After much discussion, it was agreed that the best course for me was to set up my camping gear in the gazebo at the nearby town park, but I waited a while and asked everyone who came in if they could, or knew someone else who could put me up for the night. (The nearest police station was 5 or 6 miles away, and I was not about to ride in the dark, and up and down hills too.) Finally, the pregnant one said she had a spare bed, but she needed to ask her boyfriend, 47 years old, if he minded, and he wasn’t coming to pick her up until near 11pm. (It seemed clear to me that he was not the father.) I waited. He was OK with it. We put the bike in a storage shed at the gas station and piled into his car, arriving well into the boonies at a small wooden structure. Mom-to-be cleared off a space under which was a mattress, and gave me a sheet and a lovely comforter. Her pretty cat and its kitten joined me for a while. The place had electricity and running water, but no working tub or shower. The floors were bare. It was clearly home-built and was nowhere near done.

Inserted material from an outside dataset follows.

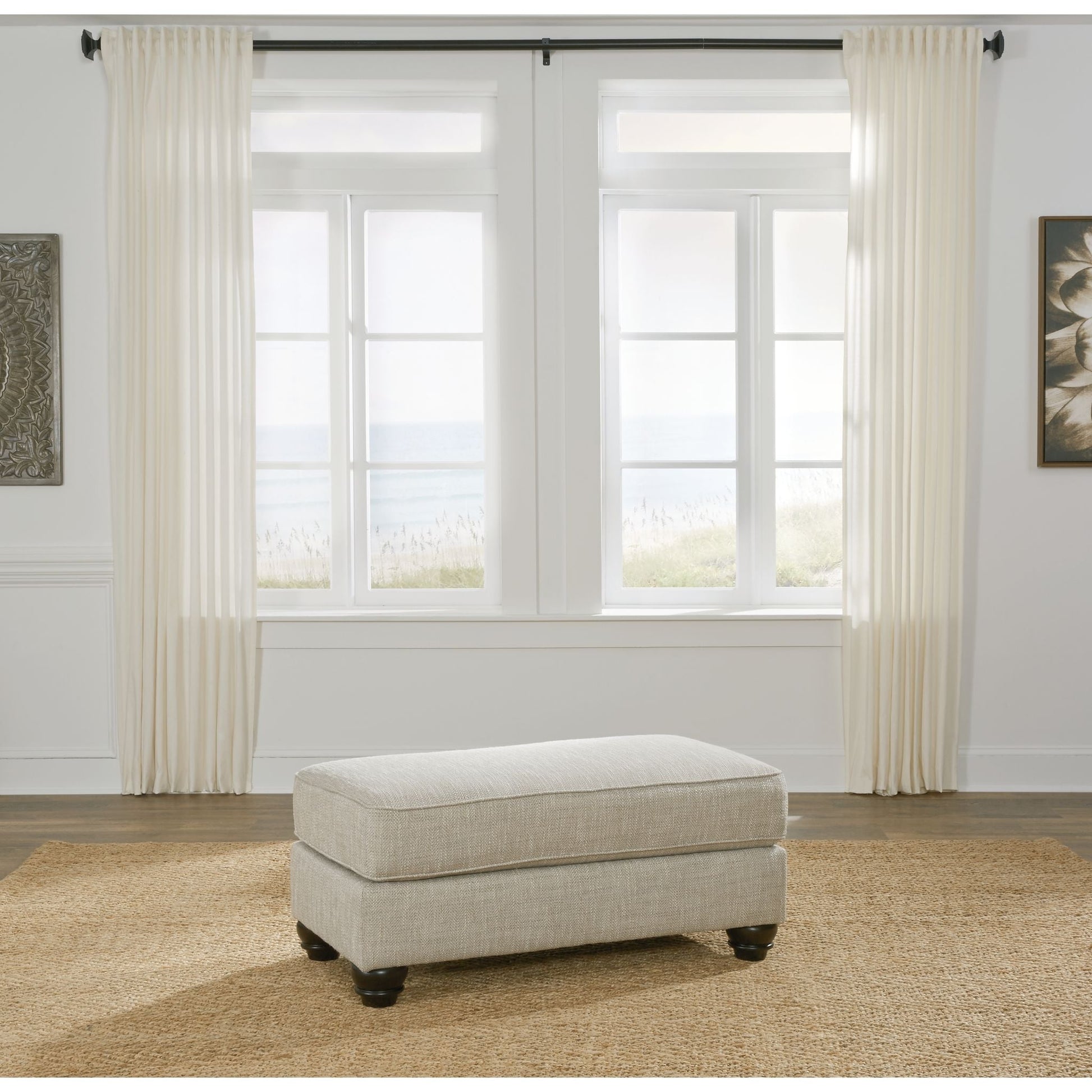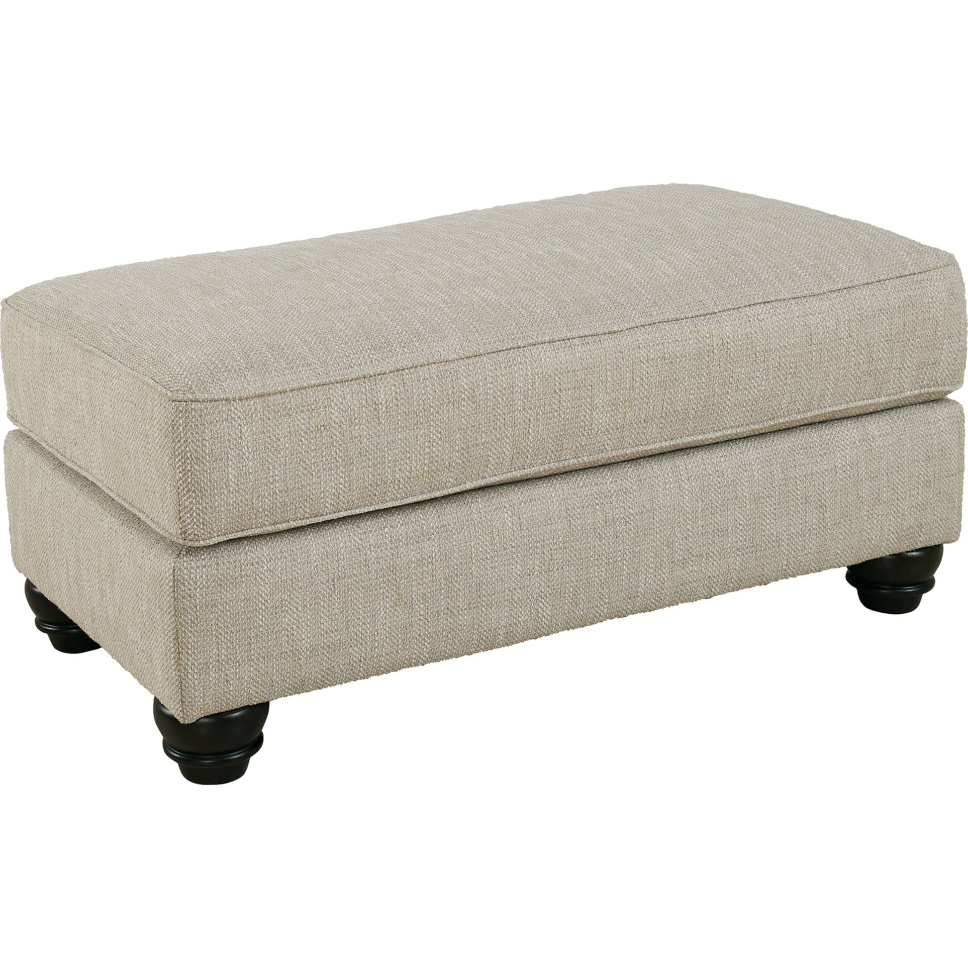 Blending comfort and style, this ottoman cradles your tired feet at the end of a long day. The distinctive look of heavily textured fabric in a light, neutral hue is enhanced by lighter flax peeking through. Whether paired with another piece or used on its own, this ottoman looks and feels right at home.

We had coffee in the morning, then drove back to the Qwik-Stop. After heating a burrito or something like it in a microwave, I set out. I learned later that Richford was the birthplace of John D. Rockefeller, who clearly never looked back.

Here were people with little more than subsistence level income, making do on what few of us could deal with, who opened their hearts to someone in need. It doesn’t get any better than that!